* What is expected: Give back the data below word for word. Any image in it should be left out.

::: Source data :::

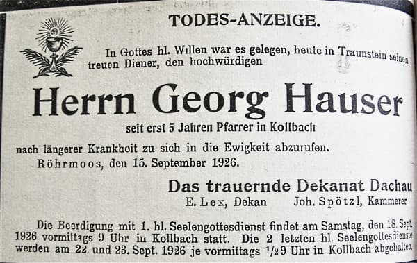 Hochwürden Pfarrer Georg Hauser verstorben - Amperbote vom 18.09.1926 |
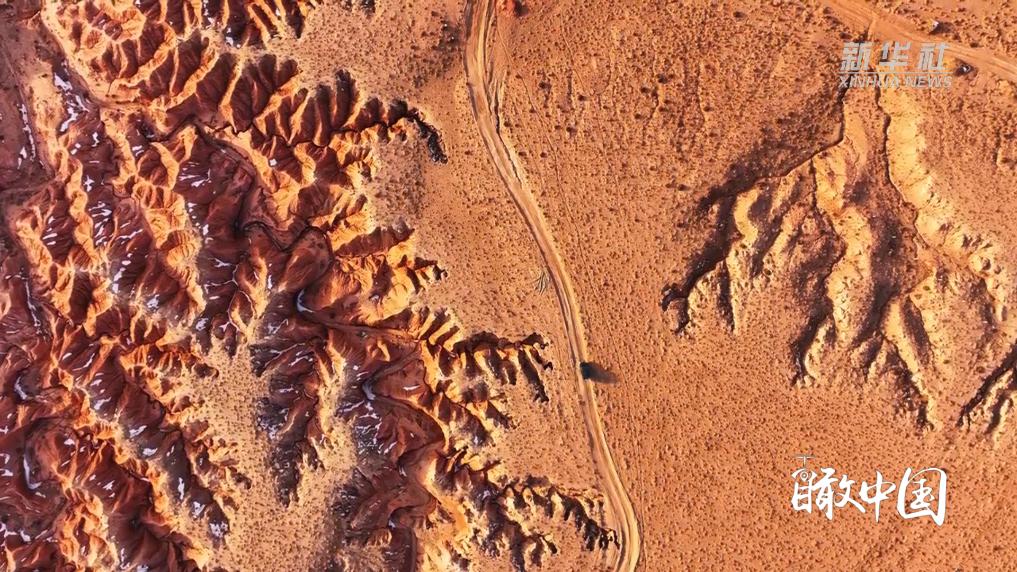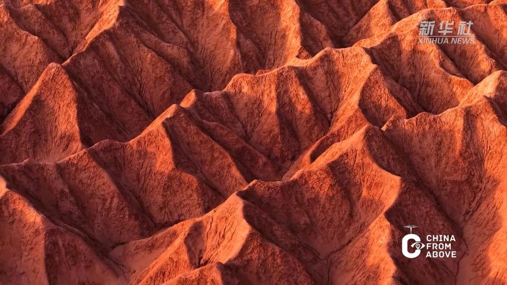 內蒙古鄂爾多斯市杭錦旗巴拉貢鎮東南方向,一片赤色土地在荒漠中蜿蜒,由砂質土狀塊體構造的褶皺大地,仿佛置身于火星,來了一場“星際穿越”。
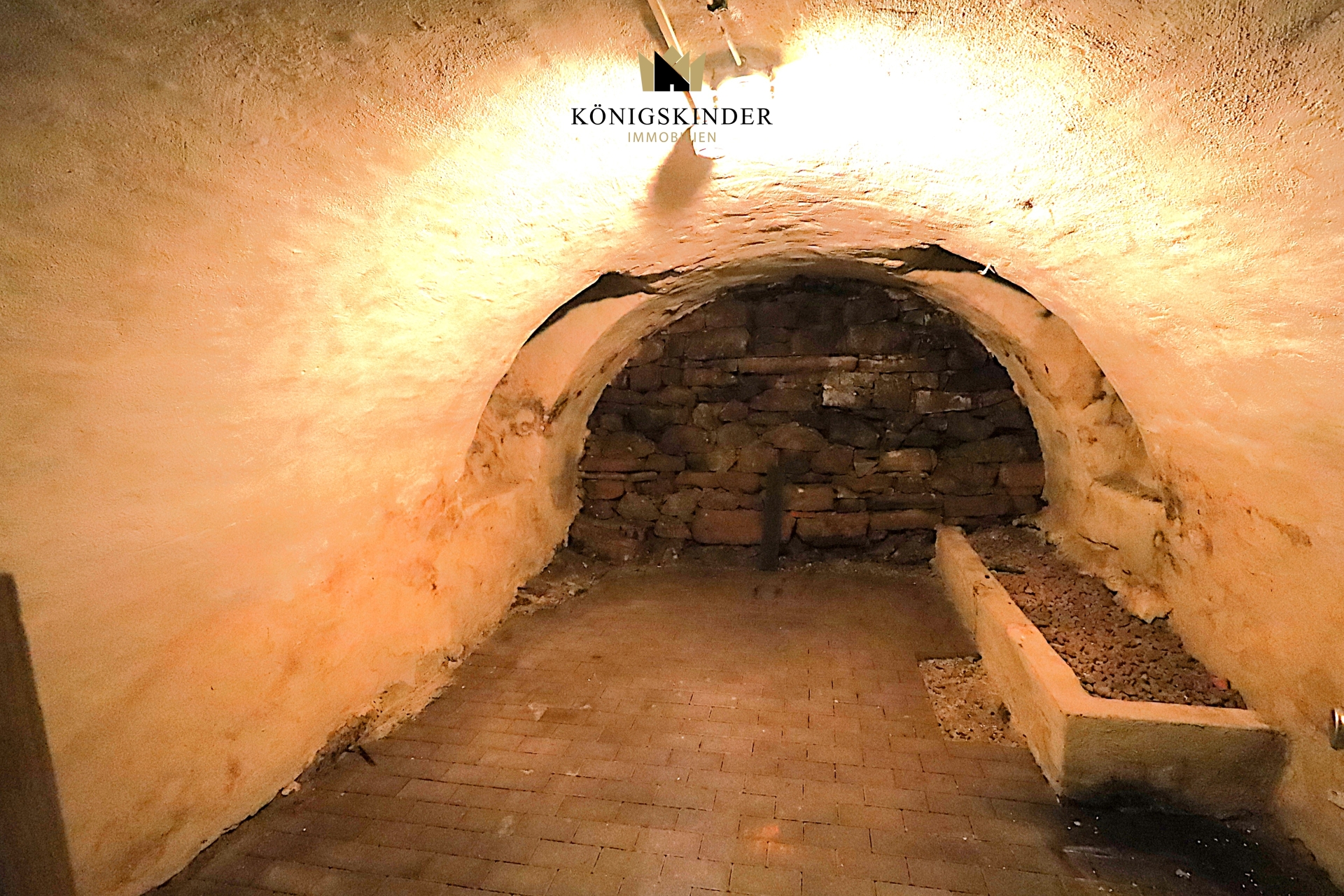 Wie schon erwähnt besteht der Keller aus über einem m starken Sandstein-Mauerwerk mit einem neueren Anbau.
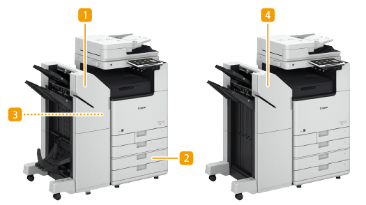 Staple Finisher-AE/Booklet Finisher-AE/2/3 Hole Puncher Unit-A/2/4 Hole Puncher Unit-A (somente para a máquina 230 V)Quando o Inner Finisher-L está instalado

:::

* Exercise response:
 Hochwürden Pfarrer Georg Hauser verstorben - Amperbote vom 18.09.1926 |
 內蒙古鄂爾多斯市杭錦旗巴拉貢鎮東南方向,一片赤色土地在荒漠中蜿蜒,由砂質土狀塊體構造的褶皺大地,仿佛置身于火星,來了一場“星際穿越”。
 Wie schon erwähnt besteht der Keller aus über einem m starken Sandstein-Mauerwerk mit einem neueren Anbau.
 Staple Finisher-AE/Booklet Finisher-AE/2/3 Hole Puncher Unit-A/2/4 Hole Puncher Unit-A (somente para a máquina 230 V)Quando o Inner Finisher-L está instalado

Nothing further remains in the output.